@Giban jestem kobieta i mysle, ze to mocno pokurwione. Z drugiej strony, wiem jacy są Francuzi, tam się każdy rucha z każdym, więc patrząc na to wszystko z punktu widzenia państwa, to co państwo robi dla siebie - wydaje się niezwykle logiczne.
Wyobraź sobie sytuacje, że faceci masowo robią te testy (a podejrzewam, że tak musiało się dziać w pewnym czasie, bo skąd to prawo się w ogóle wzięło) i się okazuje, że 7-letnie dziecko pana x nie jest jego, a dodatkowo matka nie wie kto jest ojcem (sytuacje typu puscila sie na dyskotece) - w takiej sytuacji kto musi płacić alimenty matce? Nie jej eks-mąż, tylko państwo, czyli de facto wszyscy podatnicy. Czy jest to sytuacja optymalna patrząc na wydatki państwowe? No nie bardzo... Nawet jak ta kobieta sobie znajdzie faceta nowego, ktory ją utrzyma, to i tak państwo - czyli społeczeństwo jest stratne.

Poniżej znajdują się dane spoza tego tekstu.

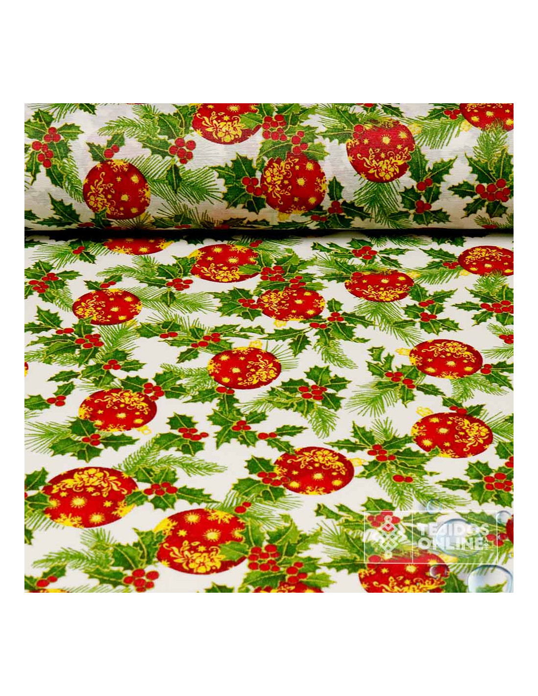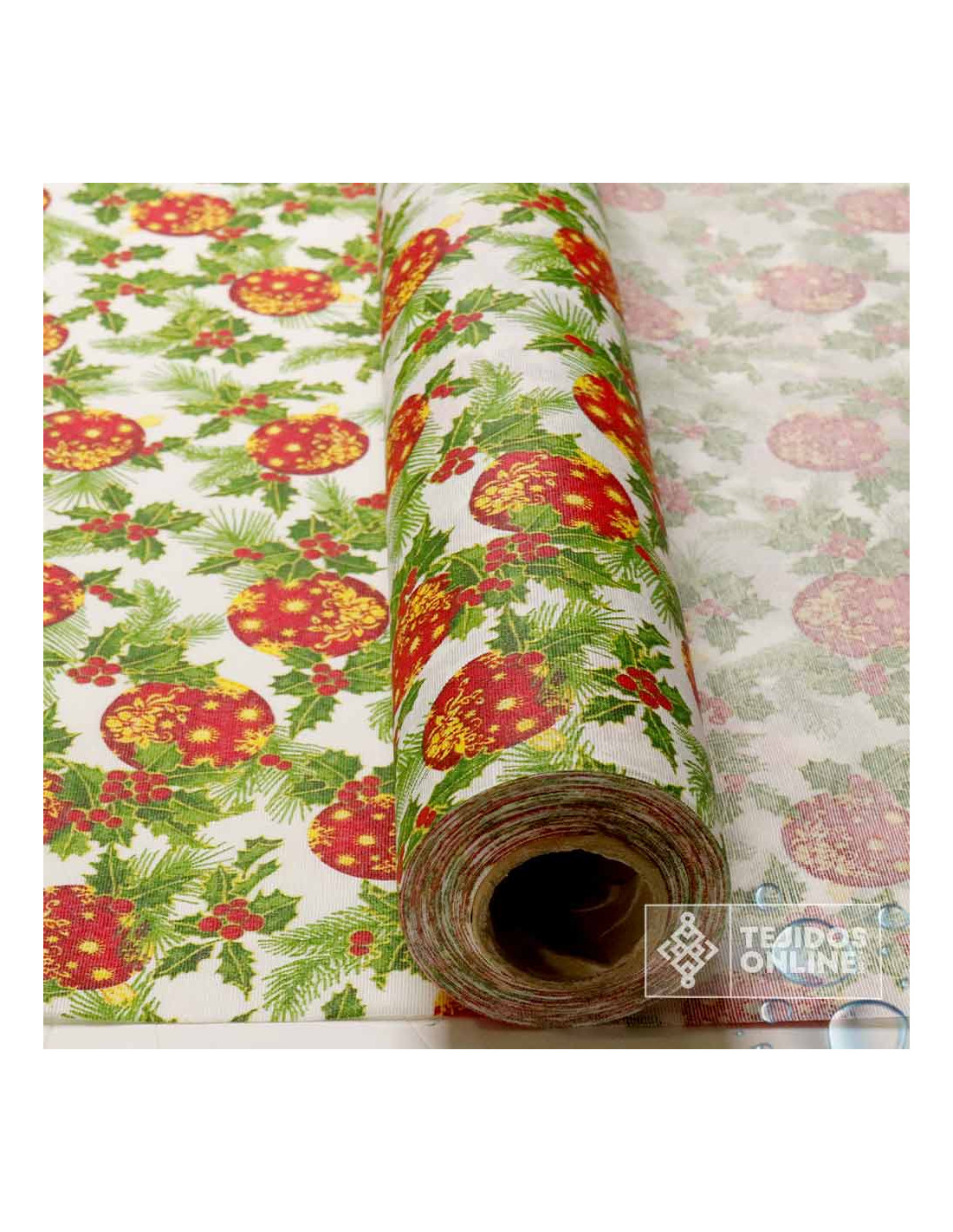 Una de su gran ventaja de este tejido es que se pueden lavar cómodamente en la lavadora siendo bastante resistentes al desgaste. La Tela Loneta Resinada Navidad Fondo Beige con Bolas y Acebo aporta un toque tradicional y alegre, combinando funcionalidad y diseño para crear espacios llenos de encanto.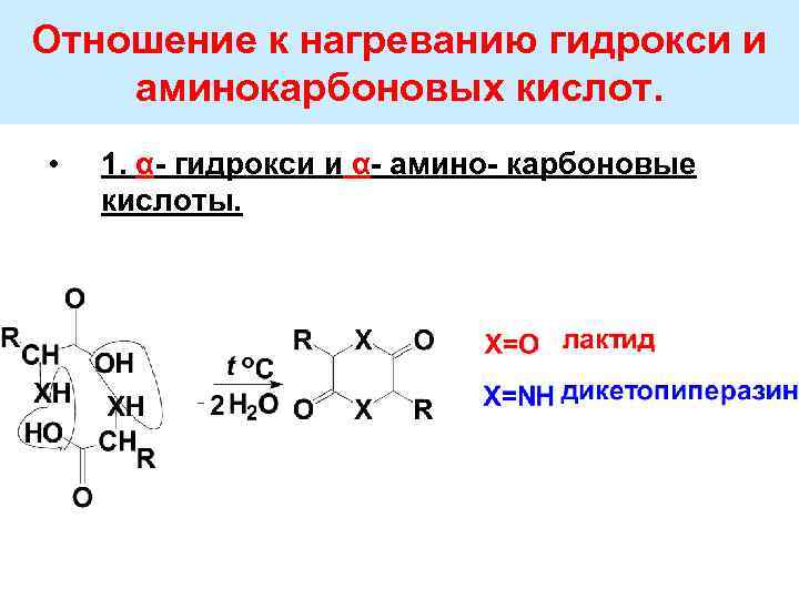 Отношение к нагреванию гидрокси и аминокарбоновых кислот. • 1. α гидрокси и α амино карбоновые кислоты.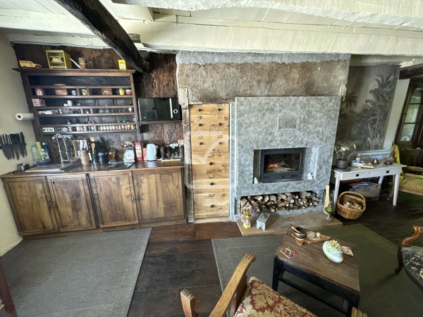 Ornée de parquet en vieux chêne qui confère un charme incomparable. La cuisine, petite mais pleine de caractère, offre un décor rustique avec ses meubles en bois, évoquant une douce nostalgie des temps passés. Mais c'est dans le mariage subtil de l'ancien et du moderne que cette maison révèle toute sa splendeur.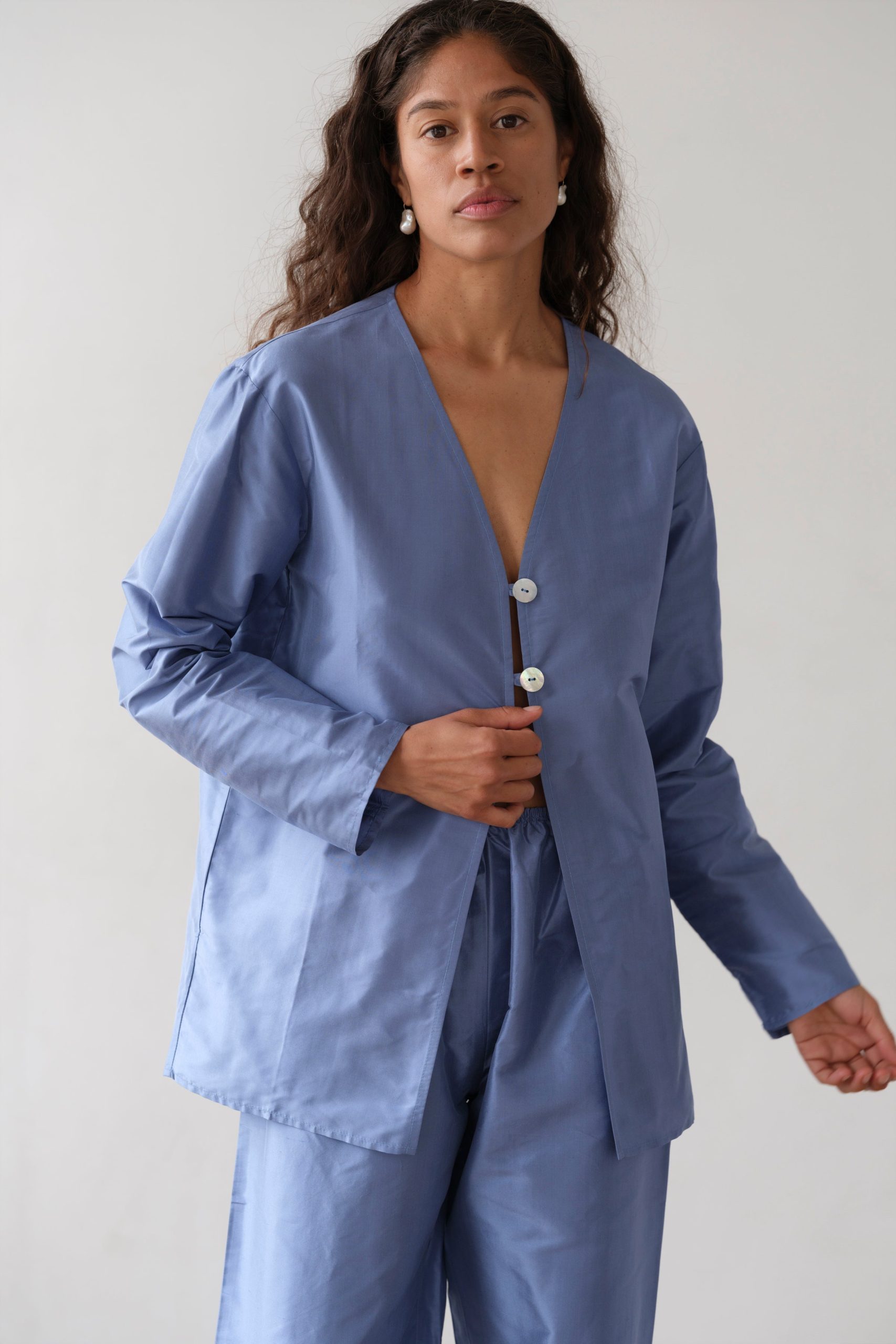The Taffeta Split Top is crisp and lightweight. Crafted from our 100% silk taffeta fabric, featuring a relaxed fit, v-neck, and mother of pearl button.

Jeśli coś jest głupie, ale działa, to nie do końca jest głupie... Plus jak sam napisałeś - sąd może sam zlecić takie testy w ekstremalnych przypadkach, więc takie testy się dzieją, po prostu w dużo mniejszej skali, niż mogłoby to mieć miejsce bez ograniczeń prawnych.